Aim of the exercise = In the material below, find every line with "more" and pull it out.

Source data =

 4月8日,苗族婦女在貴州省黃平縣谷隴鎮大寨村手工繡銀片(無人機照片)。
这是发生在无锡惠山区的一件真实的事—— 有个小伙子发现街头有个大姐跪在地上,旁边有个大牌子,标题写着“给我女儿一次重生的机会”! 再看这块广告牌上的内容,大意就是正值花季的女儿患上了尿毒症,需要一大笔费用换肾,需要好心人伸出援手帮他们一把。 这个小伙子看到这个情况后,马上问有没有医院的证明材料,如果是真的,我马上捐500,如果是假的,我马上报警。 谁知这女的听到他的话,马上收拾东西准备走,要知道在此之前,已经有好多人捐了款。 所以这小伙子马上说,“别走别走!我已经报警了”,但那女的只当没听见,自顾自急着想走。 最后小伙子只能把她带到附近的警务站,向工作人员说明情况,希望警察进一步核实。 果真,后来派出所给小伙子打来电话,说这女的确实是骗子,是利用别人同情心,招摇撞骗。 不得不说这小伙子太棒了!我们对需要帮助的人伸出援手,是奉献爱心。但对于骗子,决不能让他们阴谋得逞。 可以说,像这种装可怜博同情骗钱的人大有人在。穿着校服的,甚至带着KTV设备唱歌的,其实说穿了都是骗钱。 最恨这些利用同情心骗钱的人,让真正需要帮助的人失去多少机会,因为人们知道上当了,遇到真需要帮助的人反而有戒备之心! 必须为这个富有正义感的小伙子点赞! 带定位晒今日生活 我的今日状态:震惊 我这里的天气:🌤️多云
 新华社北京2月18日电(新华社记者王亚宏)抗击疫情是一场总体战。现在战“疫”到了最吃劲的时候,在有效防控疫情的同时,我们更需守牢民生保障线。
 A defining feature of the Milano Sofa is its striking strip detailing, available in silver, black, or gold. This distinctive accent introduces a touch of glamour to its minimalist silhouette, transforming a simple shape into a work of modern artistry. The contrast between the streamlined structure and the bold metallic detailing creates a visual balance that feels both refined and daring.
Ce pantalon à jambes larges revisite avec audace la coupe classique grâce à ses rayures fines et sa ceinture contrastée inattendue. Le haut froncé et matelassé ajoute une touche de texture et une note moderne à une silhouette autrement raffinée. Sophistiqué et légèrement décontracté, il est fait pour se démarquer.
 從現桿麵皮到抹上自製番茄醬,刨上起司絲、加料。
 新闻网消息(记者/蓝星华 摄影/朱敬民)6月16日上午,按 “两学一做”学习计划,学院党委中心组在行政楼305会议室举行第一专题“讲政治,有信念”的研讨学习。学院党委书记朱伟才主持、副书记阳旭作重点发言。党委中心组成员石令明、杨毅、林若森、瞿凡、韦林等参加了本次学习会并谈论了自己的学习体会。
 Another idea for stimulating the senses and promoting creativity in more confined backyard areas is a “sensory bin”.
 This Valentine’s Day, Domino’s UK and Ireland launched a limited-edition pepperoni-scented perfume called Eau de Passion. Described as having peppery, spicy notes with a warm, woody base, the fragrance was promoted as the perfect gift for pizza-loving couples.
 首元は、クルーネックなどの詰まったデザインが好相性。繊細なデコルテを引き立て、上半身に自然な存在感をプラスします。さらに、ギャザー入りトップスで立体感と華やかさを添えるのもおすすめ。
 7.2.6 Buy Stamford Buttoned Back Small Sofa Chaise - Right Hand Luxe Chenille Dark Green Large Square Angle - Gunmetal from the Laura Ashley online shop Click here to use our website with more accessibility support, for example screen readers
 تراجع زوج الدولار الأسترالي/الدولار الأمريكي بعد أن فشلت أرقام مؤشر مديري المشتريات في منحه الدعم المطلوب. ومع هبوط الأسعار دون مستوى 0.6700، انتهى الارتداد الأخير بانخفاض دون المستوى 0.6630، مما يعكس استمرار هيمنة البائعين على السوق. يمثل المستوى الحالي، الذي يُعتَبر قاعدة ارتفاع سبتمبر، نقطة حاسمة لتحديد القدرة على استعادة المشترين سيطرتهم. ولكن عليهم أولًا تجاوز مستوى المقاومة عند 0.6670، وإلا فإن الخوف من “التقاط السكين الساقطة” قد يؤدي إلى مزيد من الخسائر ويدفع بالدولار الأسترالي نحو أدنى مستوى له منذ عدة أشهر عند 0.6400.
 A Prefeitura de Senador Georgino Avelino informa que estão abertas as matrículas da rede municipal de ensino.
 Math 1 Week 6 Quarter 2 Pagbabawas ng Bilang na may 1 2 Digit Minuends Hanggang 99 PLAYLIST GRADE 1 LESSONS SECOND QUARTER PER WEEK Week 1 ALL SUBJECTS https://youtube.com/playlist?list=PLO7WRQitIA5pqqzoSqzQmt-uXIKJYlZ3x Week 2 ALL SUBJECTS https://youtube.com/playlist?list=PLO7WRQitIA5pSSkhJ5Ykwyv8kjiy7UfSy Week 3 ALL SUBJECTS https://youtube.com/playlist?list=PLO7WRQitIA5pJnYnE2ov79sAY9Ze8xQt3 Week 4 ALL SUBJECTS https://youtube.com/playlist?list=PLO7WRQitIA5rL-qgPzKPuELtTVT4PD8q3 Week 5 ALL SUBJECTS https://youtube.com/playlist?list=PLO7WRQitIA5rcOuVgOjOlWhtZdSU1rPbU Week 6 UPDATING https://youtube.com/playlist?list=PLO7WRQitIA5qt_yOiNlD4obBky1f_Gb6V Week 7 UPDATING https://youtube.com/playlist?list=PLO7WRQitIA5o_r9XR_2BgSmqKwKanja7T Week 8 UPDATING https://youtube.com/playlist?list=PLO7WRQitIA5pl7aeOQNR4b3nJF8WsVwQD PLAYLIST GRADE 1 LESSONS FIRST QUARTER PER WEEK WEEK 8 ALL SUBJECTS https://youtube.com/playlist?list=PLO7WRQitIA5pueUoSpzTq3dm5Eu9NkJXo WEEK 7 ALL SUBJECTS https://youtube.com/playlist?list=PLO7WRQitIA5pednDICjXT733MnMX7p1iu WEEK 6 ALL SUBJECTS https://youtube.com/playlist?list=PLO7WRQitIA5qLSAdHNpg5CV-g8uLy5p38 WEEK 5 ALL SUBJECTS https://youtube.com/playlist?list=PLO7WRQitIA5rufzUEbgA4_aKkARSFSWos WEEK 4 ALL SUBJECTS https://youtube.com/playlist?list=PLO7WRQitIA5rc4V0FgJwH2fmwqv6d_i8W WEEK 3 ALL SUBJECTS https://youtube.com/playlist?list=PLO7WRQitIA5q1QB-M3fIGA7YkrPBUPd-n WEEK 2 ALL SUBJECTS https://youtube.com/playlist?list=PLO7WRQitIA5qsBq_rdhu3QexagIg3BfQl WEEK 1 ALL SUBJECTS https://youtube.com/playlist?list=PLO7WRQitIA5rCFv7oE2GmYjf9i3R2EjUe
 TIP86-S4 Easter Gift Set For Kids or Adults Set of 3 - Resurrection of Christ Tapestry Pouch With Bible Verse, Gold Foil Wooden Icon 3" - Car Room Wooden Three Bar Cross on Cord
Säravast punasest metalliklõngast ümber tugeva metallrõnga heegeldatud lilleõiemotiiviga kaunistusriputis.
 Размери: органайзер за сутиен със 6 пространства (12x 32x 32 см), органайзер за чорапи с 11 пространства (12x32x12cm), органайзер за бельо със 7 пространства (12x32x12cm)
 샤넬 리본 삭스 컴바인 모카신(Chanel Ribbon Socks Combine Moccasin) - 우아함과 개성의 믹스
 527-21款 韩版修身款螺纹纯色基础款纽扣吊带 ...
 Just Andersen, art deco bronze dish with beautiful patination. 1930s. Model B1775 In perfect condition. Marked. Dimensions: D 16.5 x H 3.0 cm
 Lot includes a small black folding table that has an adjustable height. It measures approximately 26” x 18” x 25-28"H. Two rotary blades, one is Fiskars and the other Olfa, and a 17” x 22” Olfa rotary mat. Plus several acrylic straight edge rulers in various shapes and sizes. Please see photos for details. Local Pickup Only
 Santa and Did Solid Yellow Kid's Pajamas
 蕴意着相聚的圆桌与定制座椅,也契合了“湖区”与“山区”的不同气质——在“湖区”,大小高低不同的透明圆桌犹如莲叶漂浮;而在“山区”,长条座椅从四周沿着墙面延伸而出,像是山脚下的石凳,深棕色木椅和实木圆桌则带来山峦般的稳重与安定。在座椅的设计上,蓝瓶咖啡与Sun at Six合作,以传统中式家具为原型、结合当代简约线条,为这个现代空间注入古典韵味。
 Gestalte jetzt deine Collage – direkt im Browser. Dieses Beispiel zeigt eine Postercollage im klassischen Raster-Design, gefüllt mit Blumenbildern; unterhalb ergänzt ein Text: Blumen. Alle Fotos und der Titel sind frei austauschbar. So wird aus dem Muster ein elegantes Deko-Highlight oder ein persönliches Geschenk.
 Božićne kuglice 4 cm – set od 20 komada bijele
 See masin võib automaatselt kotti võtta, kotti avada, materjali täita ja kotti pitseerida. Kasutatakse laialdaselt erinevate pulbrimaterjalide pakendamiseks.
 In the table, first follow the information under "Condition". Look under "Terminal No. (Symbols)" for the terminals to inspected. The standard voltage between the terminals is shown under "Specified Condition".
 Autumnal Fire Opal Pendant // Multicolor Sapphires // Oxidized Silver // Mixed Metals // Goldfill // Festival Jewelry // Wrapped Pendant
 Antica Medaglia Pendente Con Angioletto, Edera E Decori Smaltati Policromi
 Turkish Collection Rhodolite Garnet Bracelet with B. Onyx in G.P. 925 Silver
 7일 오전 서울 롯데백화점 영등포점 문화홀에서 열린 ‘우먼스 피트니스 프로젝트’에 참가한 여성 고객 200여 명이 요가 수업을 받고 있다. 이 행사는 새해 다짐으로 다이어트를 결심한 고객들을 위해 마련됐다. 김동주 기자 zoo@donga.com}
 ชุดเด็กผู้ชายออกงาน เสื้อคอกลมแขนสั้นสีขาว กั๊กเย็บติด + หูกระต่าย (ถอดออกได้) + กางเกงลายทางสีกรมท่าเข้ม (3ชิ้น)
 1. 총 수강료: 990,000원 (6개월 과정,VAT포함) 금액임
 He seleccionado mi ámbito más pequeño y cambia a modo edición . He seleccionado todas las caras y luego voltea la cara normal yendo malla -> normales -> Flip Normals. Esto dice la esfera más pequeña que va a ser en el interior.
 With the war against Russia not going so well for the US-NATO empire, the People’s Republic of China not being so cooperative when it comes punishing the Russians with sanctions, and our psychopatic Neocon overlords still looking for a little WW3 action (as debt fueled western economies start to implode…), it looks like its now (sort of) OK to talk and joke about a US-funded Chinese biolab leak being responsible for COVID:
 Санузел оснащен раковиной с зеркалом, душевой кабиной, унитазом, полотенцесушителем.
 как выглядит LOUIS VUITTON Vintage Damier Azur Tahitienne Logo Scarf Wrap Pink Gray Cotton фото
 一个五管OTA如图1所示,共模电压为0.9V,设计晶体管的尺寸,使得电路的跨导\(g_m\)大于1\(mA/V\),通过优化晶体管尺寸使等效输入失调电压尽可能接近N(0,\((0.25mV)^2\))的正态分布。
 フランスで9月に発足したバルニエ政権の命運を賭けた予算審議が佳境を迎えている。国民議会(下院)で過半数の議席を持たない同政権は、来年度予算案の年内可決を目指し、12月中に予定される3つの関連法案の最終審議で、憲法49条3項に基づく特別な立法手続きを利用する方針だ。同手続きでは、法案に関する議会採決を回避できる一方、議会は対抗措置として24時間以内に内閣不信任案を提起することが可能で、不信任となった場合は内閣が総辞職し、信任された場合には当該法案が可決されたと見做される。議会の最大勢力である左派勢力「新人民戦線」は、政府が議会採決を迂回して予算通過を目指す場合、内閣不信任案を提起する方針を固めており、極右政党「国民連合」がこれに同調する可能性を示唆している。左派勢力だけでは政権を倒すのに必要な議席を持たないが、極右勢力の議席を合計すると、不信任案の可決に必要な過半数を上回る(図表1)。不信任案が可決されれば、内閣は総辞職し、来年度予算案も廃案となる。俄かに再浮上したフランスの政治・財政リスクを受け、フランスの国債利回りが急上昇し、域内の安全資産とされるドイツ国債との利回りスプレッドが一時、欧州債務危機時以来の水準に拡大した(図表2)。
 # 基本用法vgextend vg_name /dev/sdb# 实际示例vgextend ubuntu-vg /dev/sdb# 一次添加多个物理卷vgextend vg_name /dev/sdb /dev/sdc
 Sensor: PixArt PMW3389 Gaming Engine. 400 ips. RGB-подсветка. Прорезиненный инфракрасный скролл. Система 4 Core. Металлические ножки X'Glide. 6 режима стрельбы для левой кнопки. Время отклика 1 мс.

Output for this exercise =
 Another idea for stimulating the senses and promoting creativity in more confined backyard areas is a “sensory bin”.
 7.2.6 Buy Stamford Buttoned Back Small Sofa Chaise - Right Hand Luxe Chenille Dark Green Large Square Angle - Gunmetal from the Laura Ashley online shop Click here to use our website with more accessibility support, for example screen readers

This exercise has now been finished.